Reputation: 1
I am trying to evaluate a scalar function f(x), where x is a k-dimensional vector (i.e. f:R^k->R). During the evaluation, I have to perform many matrix operations: inversion, multiplication and finding matrix determinants and traces for matrices of moderate sizes (most of them are less than 30x30). Now I want to evaluate the function at many different xs at the same time by using different threads on the GPU. That is why I need the device api.

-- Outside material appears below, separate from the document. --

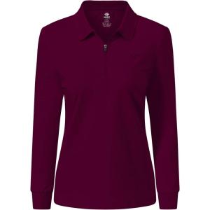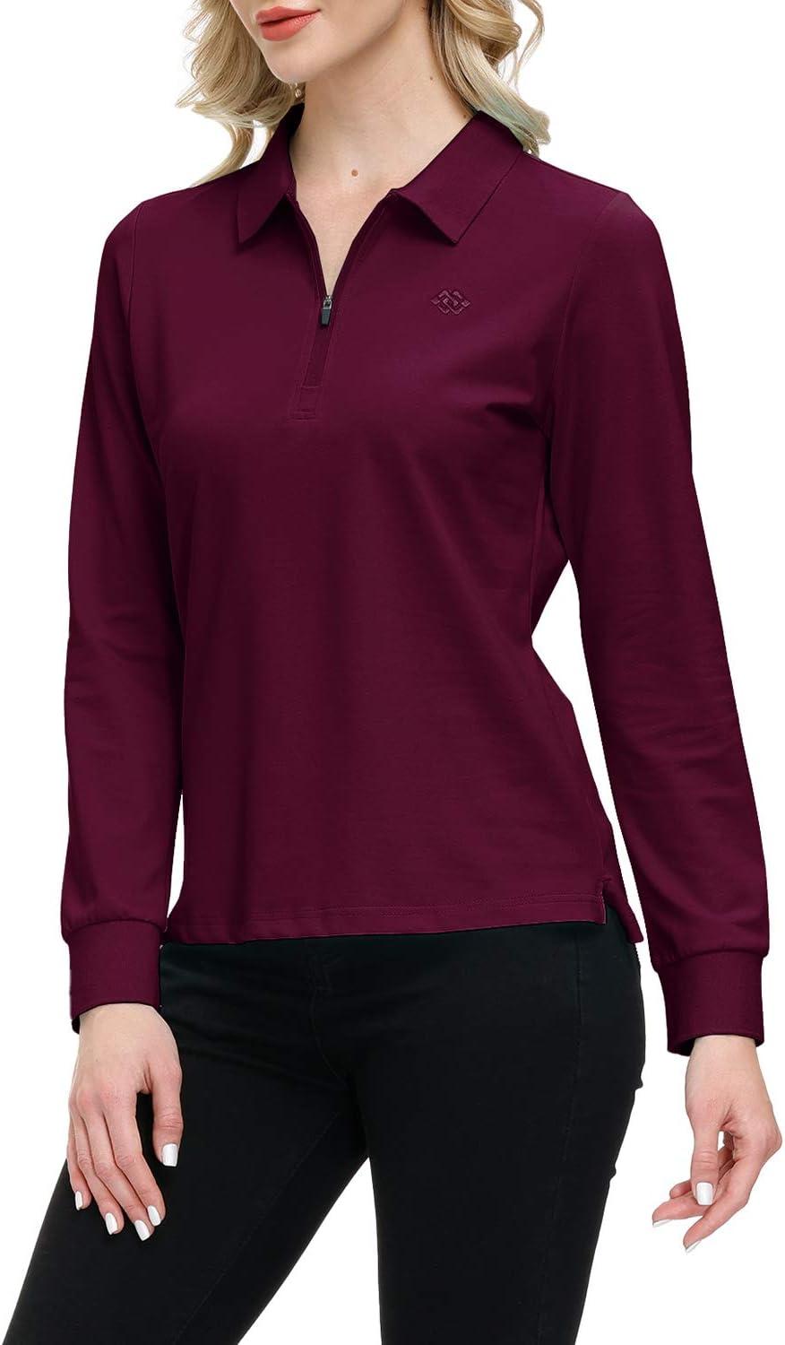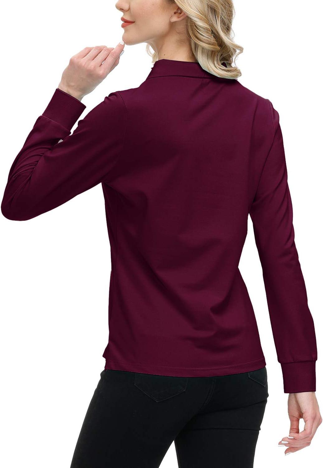 JINSHI Women’s Golf Polo Shirt Long Sleeves Zip Up Sport Active Shirts Quick Dry Athletic T-Shirt Casual Tennis Tops Slim Fit(Wine Red)

I have written the following codes to test calculating matrix determinants by the cublas device API, cublasSgetrfBatched, where I first find the LU decomposition of the matrix and calculate the product of all the diagonal elements in the U matrix. I have done this on both the GPU thread and CPU using the result returned by cublas. But the result from the GPU does not make any sense while the result on the CPU is correct. I have used cuda-memcheck, but found no errors. Could someone help shed some light on this issue? Many thanks.
cat test2.cu
#include <stdio.h>
#include <stdlib.h>
#include <math.h>
#include <cuda_runtime.h>
#include <cublas_v2.h>
__host__ __device__ unsigned int IDX(unsigned int i,unsigned int j,unsigned int ld){return j*ld+i;}
#define PERR(call) \
if (call) {\
fprintf(stderr, "%s:%d Error [%s] on "#call"\n", __FILE__, __LINE__,\
cudaGetErrorString(cudaGetLastError()));\
exit(1);\
}
#define ERRCHECK \
if (cudaPeekAtLastError()) { \
fprintf(stderr, "%s:%d Error [%s]\n", __FILE__, __LINE__,\
cudaGetErrorString(cudaGetLastError()));\
exit(1);\
}
__device__ float
det_kernel(float *a_copy,unsigned int *n,cublasHandle_t *hdl){
int *info = (int *)malloc(sizeof(int));info[0]=0;
int batch=1;int *p = (int *)malloc(*n*sizeof(int));
float **a = (float **)malloc(sizeof(float *));
*a = a_copy;
cublasStatus_t status=cublasSgetrfBatched(*hdl, *n, a, *n, p, info, batch);
unsigned int i1;
float res=1;
for(i1=0;i1<(*n);++i1)res*=a_copy[IDX(i1,i1,*n)];
return res;
}
__global__ void runtest(float *a_i,unsigned int n){
cublasHandle_t hdl;cublasCreate_v2(&hdl);
printf("det on GPU:%f\n",det_kernel(a_i,&n,&hdl));
cublasDestroy_v2(hdl);
}
int
main(int argc, char **argv)
{
float a[] = {
1, 2, 3,
0, 4, 5,
1, 0, 0};
cudaSetDevice(1);//GTX780Ti on my machine,0 for GTX1080
unsigned int n=3,nn=n*n;
printf("a is \n");
for (int i = 0; i < n; ++i){
for (int j = 0; j < n; j++) printf("%f, ",a[IDX(i,j,n)]);
printf("\n");}
float *a_d;
PERR(cudaMalloc((void **)&a_d, nn*sizeof(float)));
PERR(cudaMemcpy(a_d, a, nn*sizeof(float), cudaMemcpyHostToDevice));
runtest<<<1, 1>>>(a_d,n);
cudaDeviceSynchronize();
ERRCHECK;
PERR(cudaMemcpy(a, a_d, nn*sizeof(float), cudaMemcpyDeviceToHost));
float res=1;
for (int i = 0; i < n; ++i)res*=a[IDX(i,i,n)];
printf("det on CPU:%f\n",res);
}
nvcc -arch=sm_35 -rdc=true -o test test2.cu -lcublas_device -lcudadevrt
./test
a is
1.000000, 0.000000, 1.000000,
2.000000, 4.000000, 0.000000,
3.000000, 5.000000, 0.000000,
det on GPU:0.000000
det on CPU:-2.000000
Upvotes: 0
Views: 1013
Reputation: 151889
cublas device calls are asynchronous.
That means that they return control to the calling thread before the cublas call is finished.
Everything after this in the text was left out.